Étiquettes

Autre version. Dans cette période sanitaire difficile, il y a les entreprises qui engrangent d’énormes bénéfices, d’autres qui pleurent des pertes abyssales … mais à la fin, l’état et les banques se défausseront … donc … les salariés trinqueront (chômage de masse) et tous les Français imposables seront à contribution. MC

Plus de 1.800 milliards d’euros ! La dette accumulée par les entreprises, en hausse chaque année, se rapproche de celle de l’État (plus de 2.400 milliards). Les entreprises n’étaient pourtant endettées qu’à hauteur de 800 milliards en 2004 (1).

Nous serions tous endettés? Non, car un petit village résiste encore et toujours à la dette: nous, les ménages français, qui épargnons, beaucoup trop d’ailleurs.

Et puis, il faut rappeler que la dette, loin d’être un mal, comme le pensent les curés et les Allemands, est le moyen de l’enrichissement. C’est grâce à elle que les richesses des familles se sont constituées. C’est par l’emprunt immobilier que vous avez pu, peut-être, acheter cette jolie maison, que vous transmettrez à vos enfants. Donc, vive la dette!

  • Toute la question est : à quoi sert la dette contractée par les entreprises ? Avec cet argent, elles peuvent faire trois choses.
  • Investir : très bien.
  • Garder l’argent par-devers elles : pourquoi pas?
  • Acheter très cher d’autres entreprises sur les marchés financiers : mal.

Les grandes entreprises françaises font un peu les trois.

Elles sont néanmoins de plus en plus nombreuses à faire leurs emplettes aux États-Unis, en Asie ou ailleurs, parce que le meilleur moyen de battre un concurrent, c’est de l’avaler tout cru. Avez-vous remarqué, entre deux annonces de plans de licenciements, comment la Bourse se porte bien? Wall Street vole de record en record, c’est formidable.

Or cela veut dire que les entreprises valent cher, puisque leur valeur est égale au montant de chacune de leurs actions, multiplié par le nombre d’actions. Ainsi, la presse économique est tout émoustillée parce que, si vous voulez acheter l’entreprise Apple pour impressionner votre copain, il va falloir désormais débourser 2.000 milliards d’euros, soit plus que la valeur des 40 plus grandes entreprises françaises, celles qui peuplent le célèbre CAC 40 (LVMH, L’Oréal, Sanofi, Total…).

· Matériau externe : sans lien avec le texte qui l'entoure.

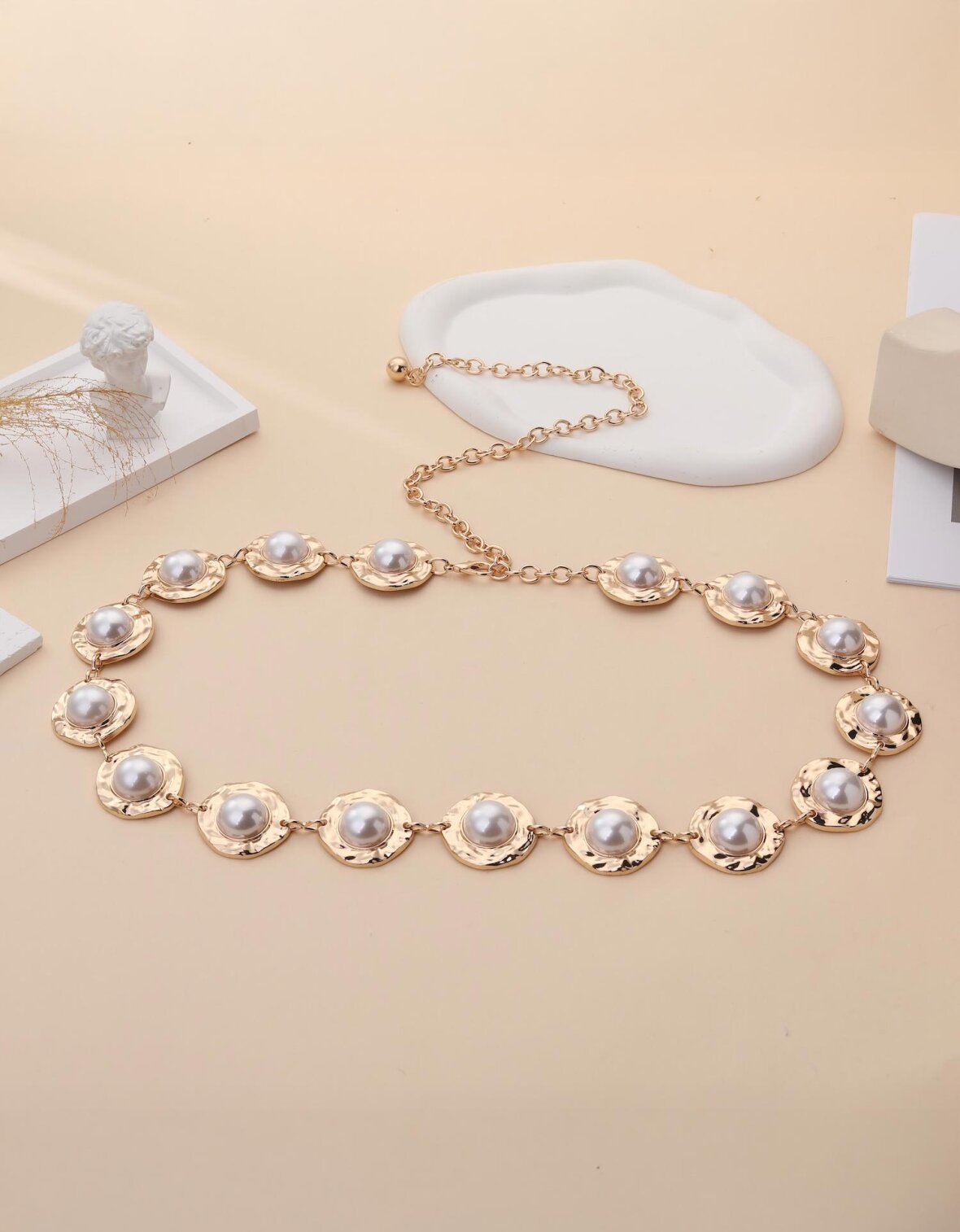 Et elegant kædebælte i gyldne nuancer med smukke perledetaljer, der skaber et eksklusivt og feminint udtryk. De runde elementer med perler giver et sofistikeret spil og tilfører et luksuriøst touch til dit outfit.

Arrêtons-nous un moment: pourquoi acheter des entreprises, alors qu’elles coûtent si cher? La base du bonheur marchand est d’acheter pas cher et de revendre cher, non? Eh bien, non : car cette valeur élevée est enregistrée à l’actif des entreprises acheteuses à leur prix d’achat, et donc, plus elles achètent cher, plus elles sont riches !

Comme l’explique Christian Chavagneux, cet étrange mécanisme a un nom trop mignon : goodwill(2).

Aujourd’hui, les taux d’intérêt sont bas, donc les boîtes peuvent continuer à lever des milliards en toute tranquillité. Mais si les taux devaient remonter… La situation commence à donner des sueurs froides à la Banque de France et au Haut Conseil de stabilité financière. Évidemment, ces gens sont polis, donc cela donne des trucs apparemment inoffensifs, du type : « La dynamique observée ces dernières années a conduit la France à un taux d’endettement des agents privés non financiers [les entreprises] aujourd’hui élevé, et qui est supérieur à la moyenne de la zone euro(3). »

Mais la réalité est que nous dansons sur un volcan.

  • Nous savions que la dette des États s’envolait.
  • Désormais, celle des entreprises aussi.
  • Or l’épargne de papy-mamy ne pourra pas éponger les dettes de tout le monde.
  • Face à cela, les banques centrales sont des pompiers pyromanes.

Certes, en maintenant des taux d’intérêt à 0%, elles évitent les défaillances des prêteurs Mais ce sont ces mêmes taux à 0%, c’est-à-dire l’argent gratuit, qui alimentent le feu de la spéculation financière comme jamais.


Jacques Littauer. Charlie Hebdo. 26/08/2020


  1. «La dette des entreprises françaises continue de s’alourdir » (Les Échos, 11 août 2020).
  2. « L’inquiétante envolée de la dette de nos grandes entreprises », par Christian Chavagneux (Xerfi Canal, 8 février 2018).
  3. «Flambée du crédit: le Haut conseil de stabilité financière maintient sa vigilance » (La Tribune, 12 juin 2019).